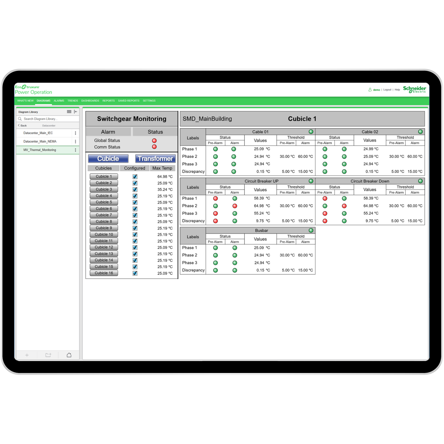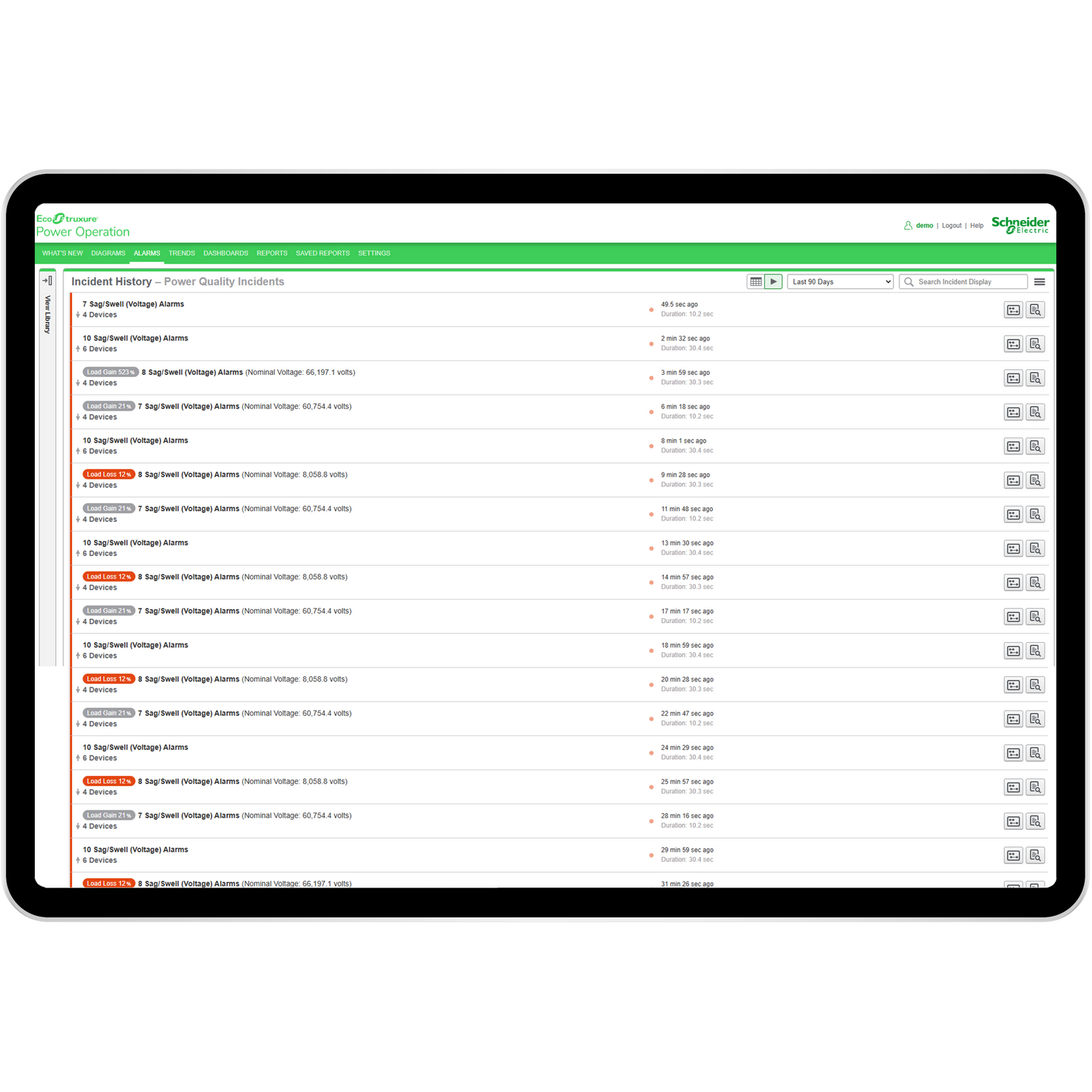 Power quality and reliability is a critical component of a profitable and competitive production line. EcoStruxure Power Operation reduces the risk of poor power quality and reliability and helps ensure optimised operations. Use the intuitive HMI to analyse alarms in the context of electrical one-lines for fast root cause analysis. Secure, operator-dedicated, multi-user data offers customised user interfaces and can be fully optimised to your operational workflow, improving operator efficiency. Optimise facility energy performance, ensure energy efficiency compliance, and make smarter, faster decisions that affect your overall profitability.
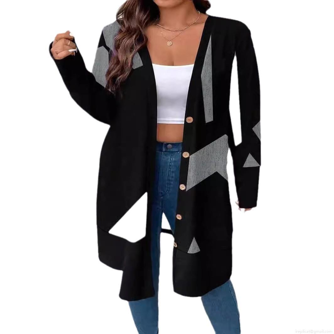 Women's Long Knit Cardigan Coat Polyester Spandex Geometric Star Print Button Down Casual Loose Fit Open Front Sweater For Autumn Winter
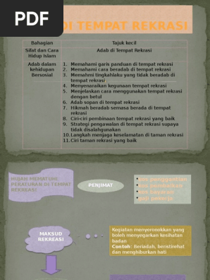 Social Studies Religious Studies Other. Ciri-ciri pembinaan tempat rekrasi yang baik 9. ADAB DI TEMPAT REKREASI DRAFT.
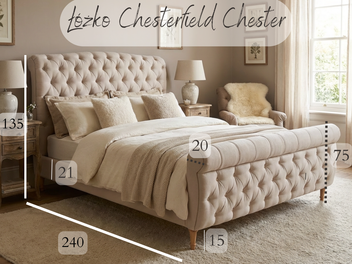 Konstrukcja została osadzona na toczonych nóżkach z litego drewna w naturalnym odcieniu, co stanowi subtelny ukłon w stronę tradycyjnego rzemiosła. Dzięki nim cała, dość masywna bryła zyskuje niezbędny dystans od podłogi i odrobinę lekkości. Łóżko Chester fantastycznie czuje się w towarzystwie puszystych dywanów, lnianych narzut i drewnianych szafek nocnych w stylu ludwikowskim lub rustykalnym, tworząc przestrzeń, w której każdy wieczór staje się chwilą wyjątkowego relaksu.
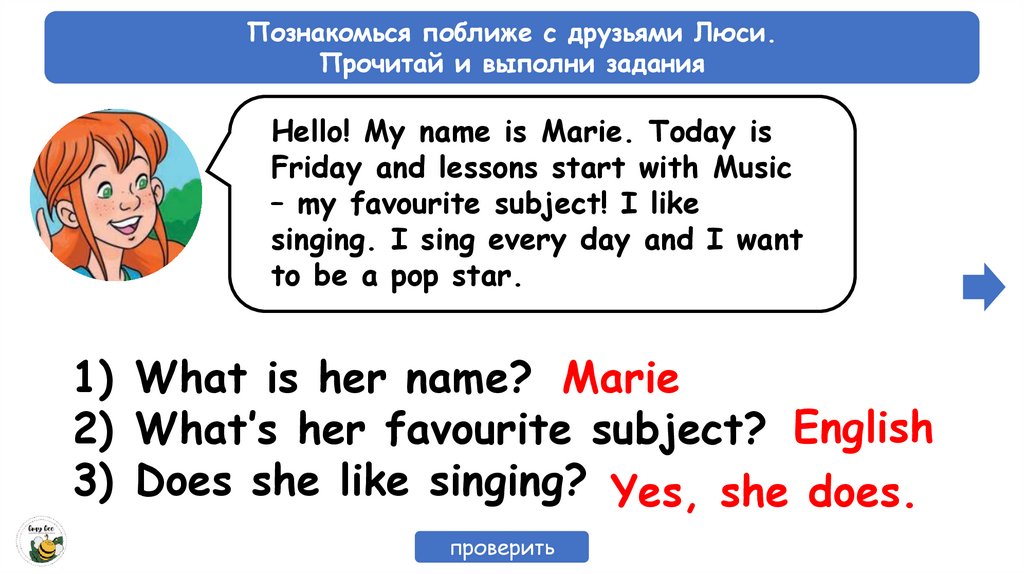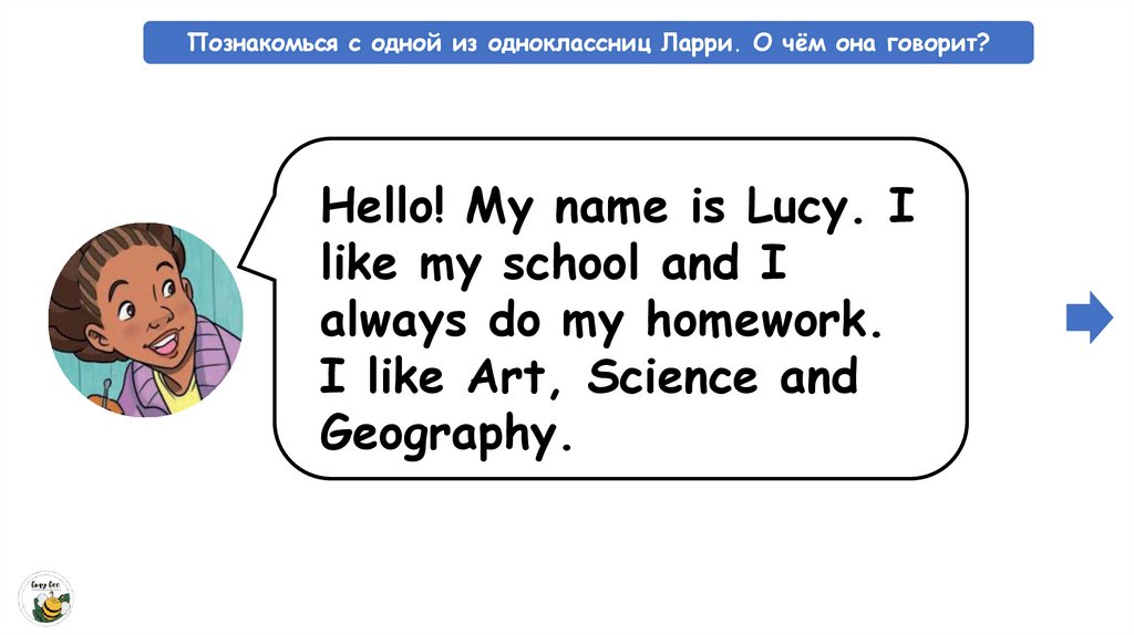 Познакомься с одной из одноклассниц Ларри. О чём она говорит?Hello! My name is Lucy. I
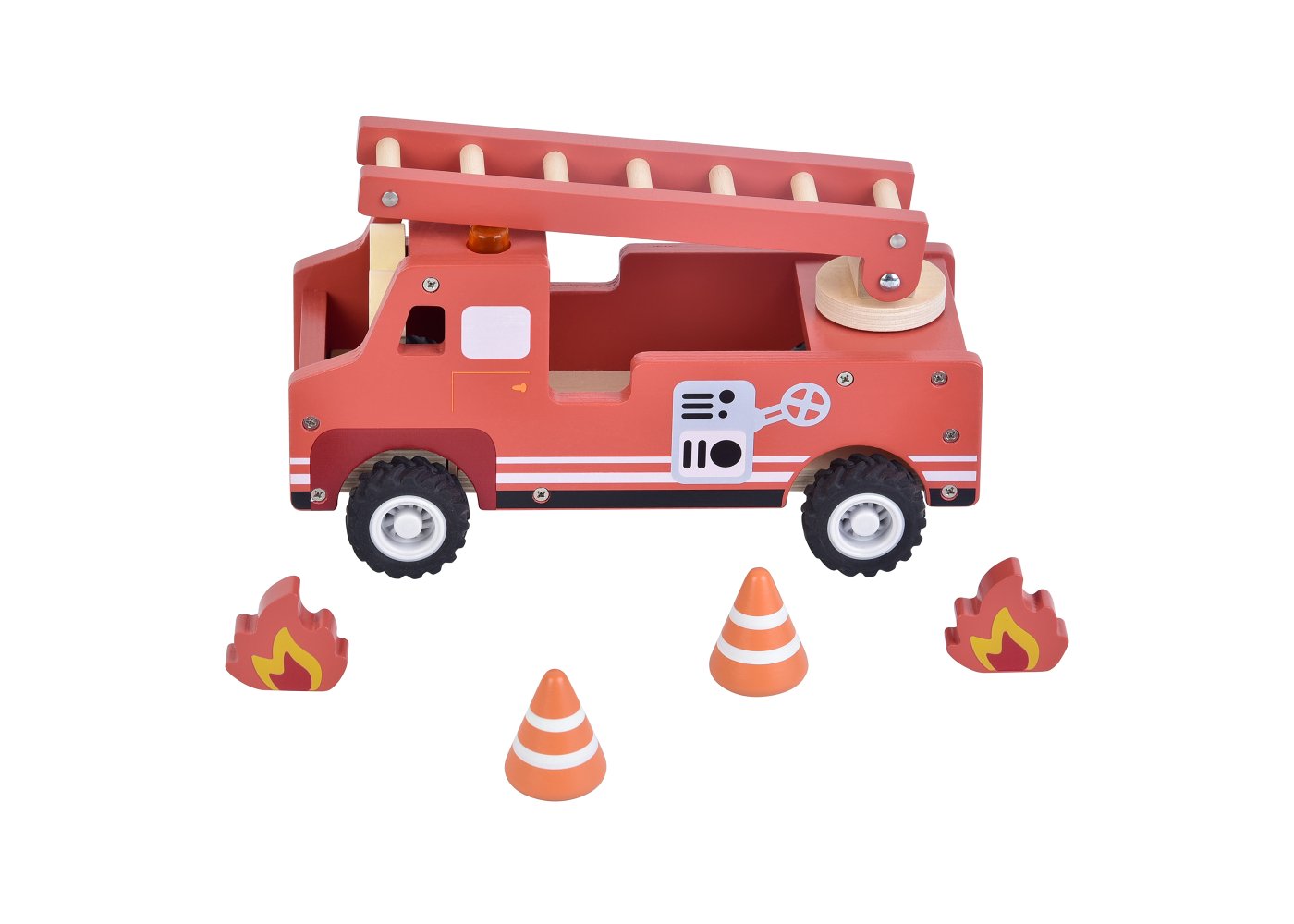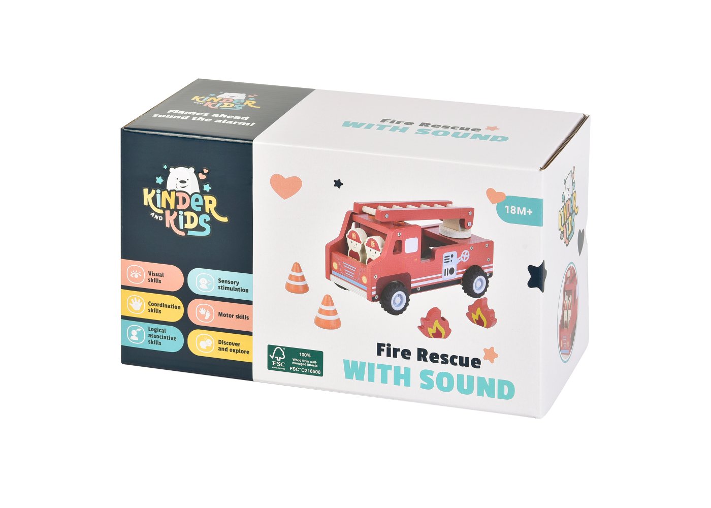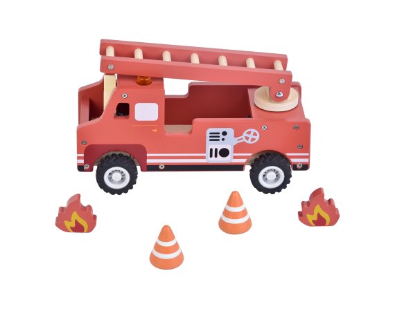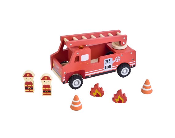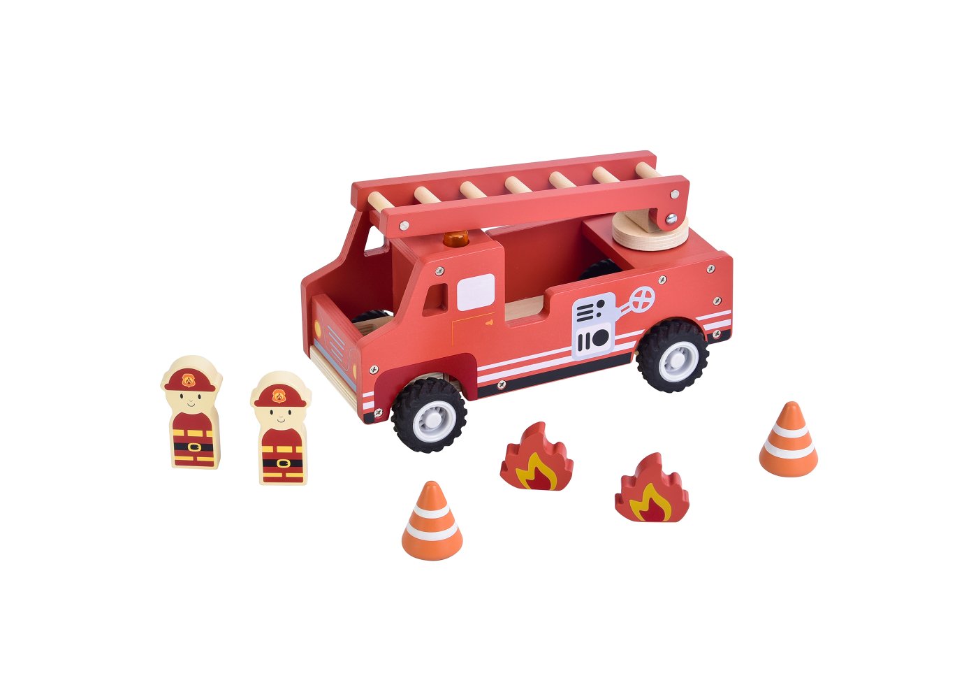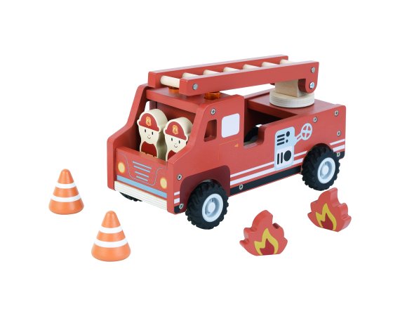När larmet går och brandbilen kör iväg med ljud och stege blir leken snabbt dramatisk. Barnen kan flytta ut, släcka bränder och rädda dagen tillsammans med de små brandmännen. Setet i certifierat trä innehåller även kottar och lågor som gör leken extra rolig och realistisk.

• _Required action_
The response must match the listing exactly, except that pictures are removed.

• _Solution_
 Power quality and reliability is a critical component of a profitable and competitive production line. EcoStruxure Power Operation reduces the risk of poor power quality and reliability and helps ensure optimised operations. Use the intuitive HMI to analyse alarms in the context of electrical one-lines for fast root cause analysis. Secure, operator-dedicated, multi-user data offers customised user interfaces and can be fully optimised to your operational workflow, improving operator efficiency. Optimise facility energy performance, ensure energy efficiency compliance, and make smarter, faster decisions that affect your overall profitability.
 Women's Long Knit Cardigan Coat Polyester Spandex Geometric Star Print Button Down Casual Loose Fit Open Front Sweater For Autumn Winter
 Social Studies Religious Studies Other. Ciri-ciri pembinaan tempat rekrasi yang baik 9. ADAB DI TEMPAT REKREASI DRAFT.
 Konstrukcja została osadzona na toczonych nóżkach z litego drewna w naturalnym odcieniu, co stanowi subtelny ukłon w stronę tradycyjnego rzemiosła. Dzięki nim cała, dość masywna bryła zyskuje niezbędny dystans od podłogi i odrobinę lekkości. Łóżko Chester fantastycznie czuje się w towarzystwie puszystych dywanów, lnianych narzut i drewnianych szafek nocnych w stylu ludwikowskim lub rustykalnym, tworząc przestrzeń, w której każdy wieczór staje się chwilą wyjątkowego relaksu.
 Познакомься с одной из одноклассниц Ларри. О чём она говорит?Hello! My name is Lucy. I
När larmet går och brandbilen kör iväg med ljud och stege blir leken snabbt dramatisk. Barnen kan flytta ut, släcka bränder och rädda dagen tillsammans med de små brandmännen. Setet i certifierat trä innehåller även kottar och lågor som gör leken extra rolig och realistisk.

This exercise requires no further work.